> **What is needed**: Using the data below, restate exactly every line from the one with "Jack London, wearing" up to and including the one with "心拍数についてはなぜか途中中". No picture belongs in it.

> **Materials provided**:
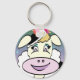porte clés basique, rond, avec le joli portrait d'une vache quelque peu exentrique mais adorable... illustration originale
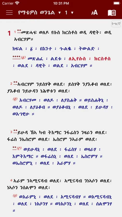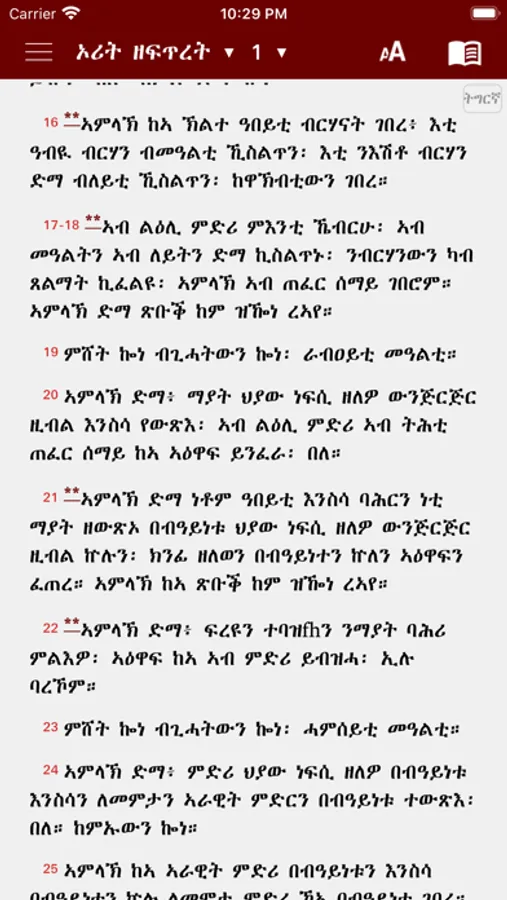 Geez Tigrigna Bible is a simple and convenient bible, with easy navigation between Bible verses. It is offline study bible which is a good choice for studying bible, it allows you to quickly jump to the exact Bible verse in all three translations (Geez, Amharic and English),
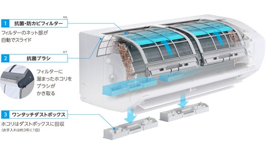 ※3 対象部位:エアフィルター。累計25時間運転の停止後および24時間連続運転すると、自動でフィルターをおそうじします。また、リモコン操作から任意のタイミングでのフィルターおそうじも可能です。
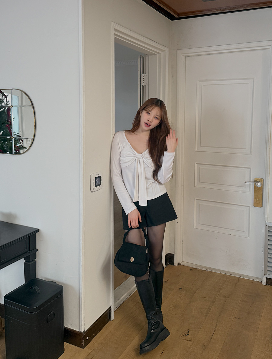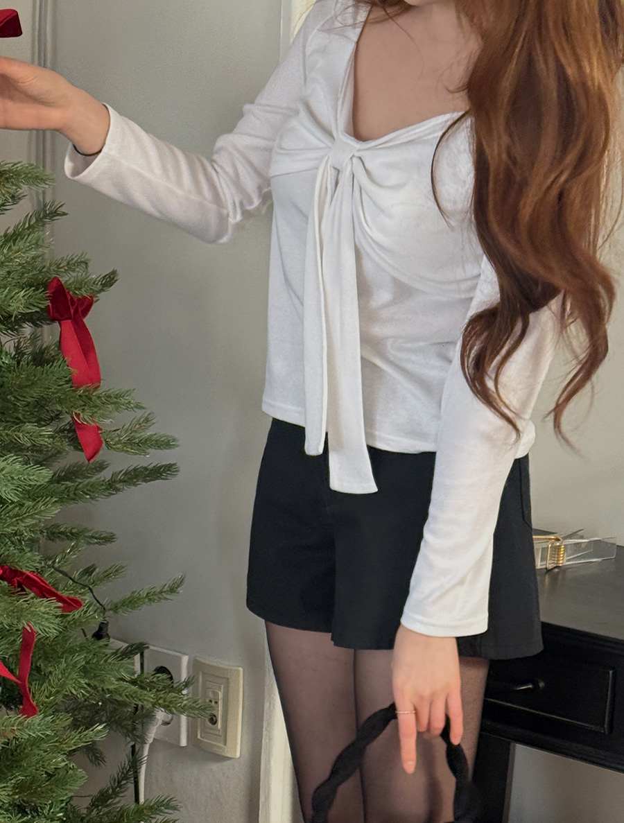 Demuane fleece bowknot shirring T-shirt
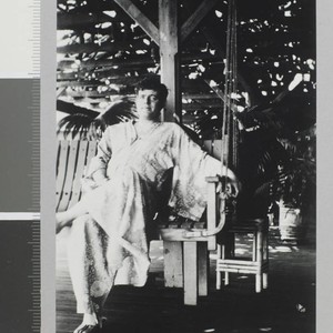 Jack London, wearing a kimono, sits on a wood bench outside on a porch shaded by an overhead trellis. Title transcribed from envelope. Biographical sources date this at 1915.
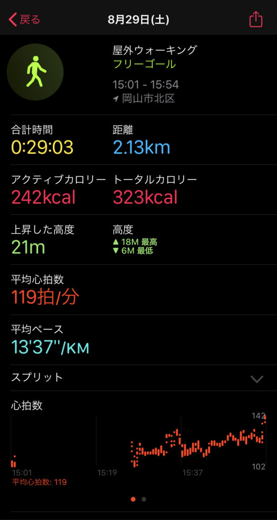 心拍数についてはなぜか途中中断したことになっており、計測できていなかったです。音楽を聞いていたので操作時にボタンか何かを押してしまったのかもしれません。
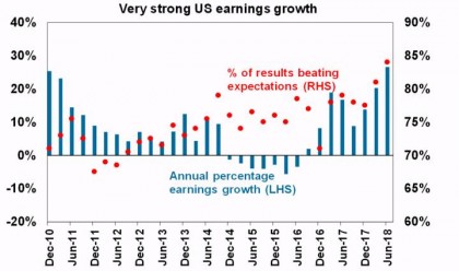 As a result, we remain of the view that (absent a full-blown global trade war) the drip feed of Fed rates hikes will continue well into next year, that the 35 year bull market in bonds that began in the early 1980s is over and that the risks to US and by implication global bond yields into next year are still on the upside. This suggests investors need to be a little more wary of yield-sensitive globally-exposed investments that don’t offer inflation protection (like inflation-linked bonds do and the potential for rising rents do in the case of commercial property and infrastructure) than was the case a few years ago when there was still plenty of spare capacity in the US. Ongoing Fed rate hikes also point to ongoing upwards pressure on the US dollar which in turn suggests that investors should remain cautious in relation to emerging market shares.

> **Response area**:
 Jack London, wearing a kimono, sits on a wood bench outside on a porch shaded by an overhead trellis. Title transcribed from envelope. Biographical sources date this at 1915.
 心拍数についてはなぜか途中中断したことになっており、計測できていなかったです。音楽を聞いていたので操作時にボタンか何かを押してしまったのかもしれません。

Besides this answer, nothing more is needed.